=== Section Start ===
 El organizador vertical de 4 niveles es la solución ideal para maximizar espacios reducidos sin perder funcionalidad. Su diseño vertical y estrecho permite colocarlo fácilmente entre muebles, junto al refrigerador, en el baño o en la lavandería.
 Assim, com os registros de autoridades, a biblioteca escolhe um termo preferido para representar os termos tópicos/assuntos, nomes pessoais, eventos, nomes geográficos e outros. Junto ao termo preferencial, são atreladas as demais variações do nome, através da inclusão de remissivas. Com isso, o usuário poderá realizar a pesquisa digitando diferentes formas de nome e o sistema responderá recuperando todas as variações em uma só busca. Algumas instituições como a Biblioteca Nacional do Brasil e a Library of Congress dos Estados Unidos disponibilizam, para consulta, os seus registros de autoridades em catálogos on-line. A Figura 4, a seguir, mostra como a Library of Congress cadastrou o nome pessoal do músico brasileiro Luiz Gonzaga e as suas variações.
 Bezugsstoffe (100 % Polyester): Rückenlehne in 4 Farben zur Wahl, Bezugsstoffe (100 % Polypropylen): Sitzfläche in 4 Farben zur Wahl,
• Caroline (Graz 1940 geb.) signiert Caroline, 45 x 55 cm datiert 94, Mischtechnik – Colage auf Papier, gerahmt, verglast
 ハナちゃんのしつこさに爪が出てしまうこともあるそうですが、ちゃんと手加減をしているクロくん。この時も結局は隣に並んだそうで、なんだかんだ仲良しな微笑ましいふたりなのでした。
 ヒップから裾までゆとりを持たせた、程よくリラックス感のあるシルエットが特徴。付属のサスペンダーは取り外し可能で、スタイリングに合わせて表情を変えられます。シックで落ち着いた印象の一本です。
=== Section End ===
=== Section Start ===
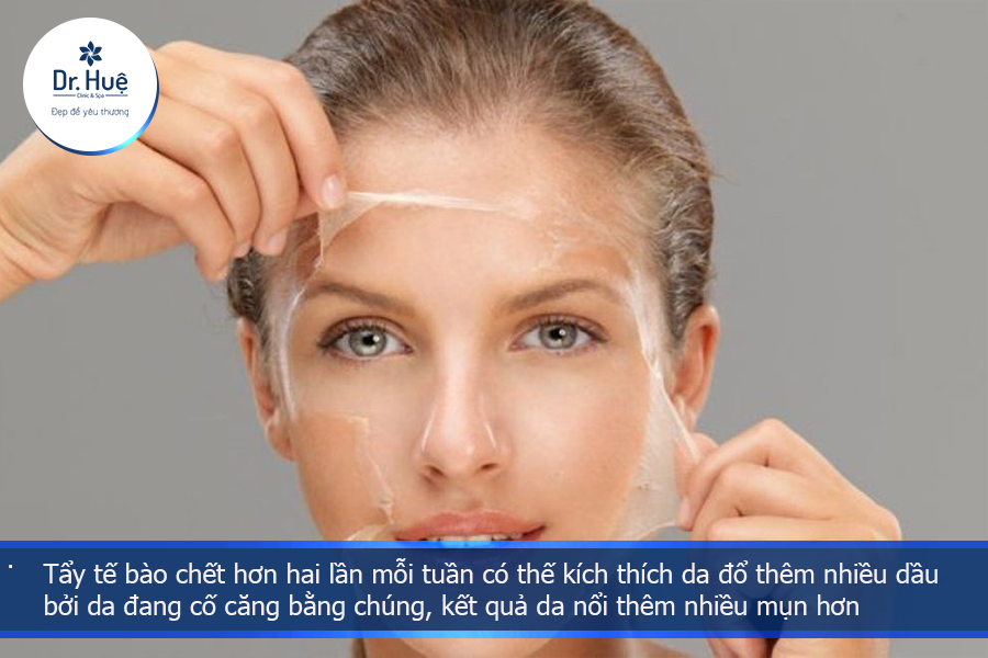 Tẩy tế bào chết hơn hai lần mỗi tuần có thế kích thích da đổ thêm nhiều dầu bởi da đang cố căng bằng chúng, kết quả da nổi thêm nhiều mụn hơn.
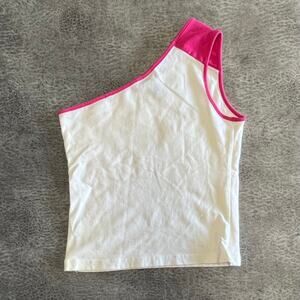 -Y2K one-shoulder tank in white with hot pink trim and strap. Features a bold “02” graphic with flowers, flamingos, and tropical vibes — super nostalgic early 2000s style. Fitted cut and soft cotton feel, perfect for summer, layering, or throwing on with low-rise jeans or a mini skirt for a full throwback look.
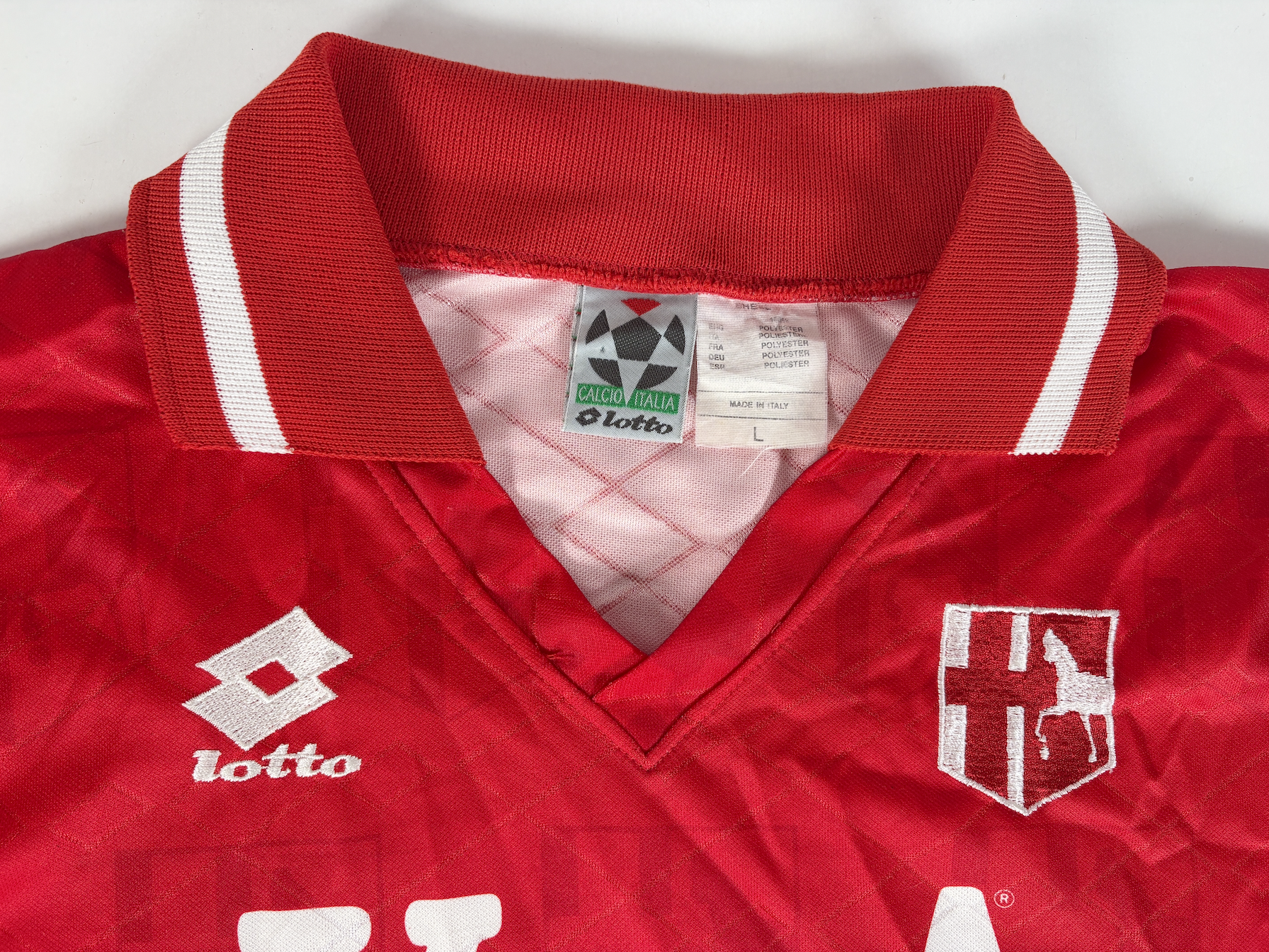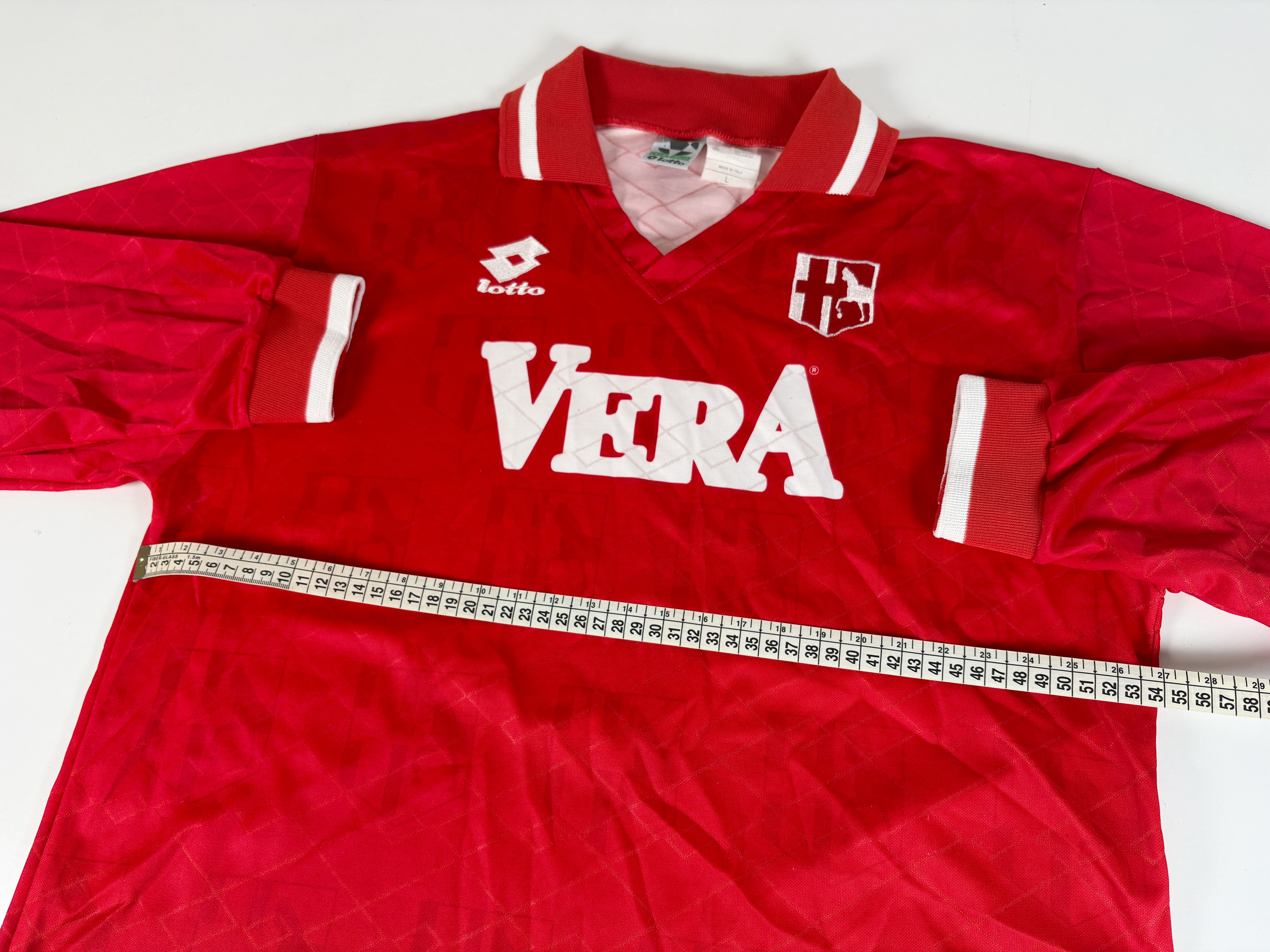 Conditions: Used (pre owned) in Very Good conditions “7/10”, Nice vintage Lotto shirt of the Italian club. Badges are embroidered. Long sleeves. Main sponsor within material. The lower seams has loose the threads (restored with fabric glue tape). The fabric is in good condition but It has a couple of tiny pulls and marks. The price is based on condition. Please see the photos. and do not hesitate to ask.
=== Section End ===
▶ _Task objective_: Show every line in the entries where the string "para" occurs.

▶ _Solution_:
 El organizador vertical de 4 niveles es la solución ideal para maximizar espacios reducidos sin perder funcionalidad. Su diseño vertical y estrecho permite colocarlo fácilmente entre muebles, junto al refrigerador, en el baño o en la lavandería.
 Assim, com os registros de autoridades, a biblioteca escolhe um termo preferido para representar os termos tópicos/assuntos, nomes pessoais, eventos, nomes geográficos e outros. Junto ao termo preferencial, são atreladas as demais variações do nome, através da inclusão de remissivas. Com isso, o usuário poderá realizar a pesquisa digitando diferentes formas de nome e o sistema responderá recuperando todas as variações em uma só busca. Algumas instituições como a Biblioteca Nacional do Brasil e a Library of Congress dos Estados Unidos disponibilizam, para consulta, os seus registros de autoridades em catálogos on-line. A Figura 4, a seguir, mostra como a Library of Congress cadastrou o nome pessoal do músico brasileiro Luiz Gonzaga e as suas variações.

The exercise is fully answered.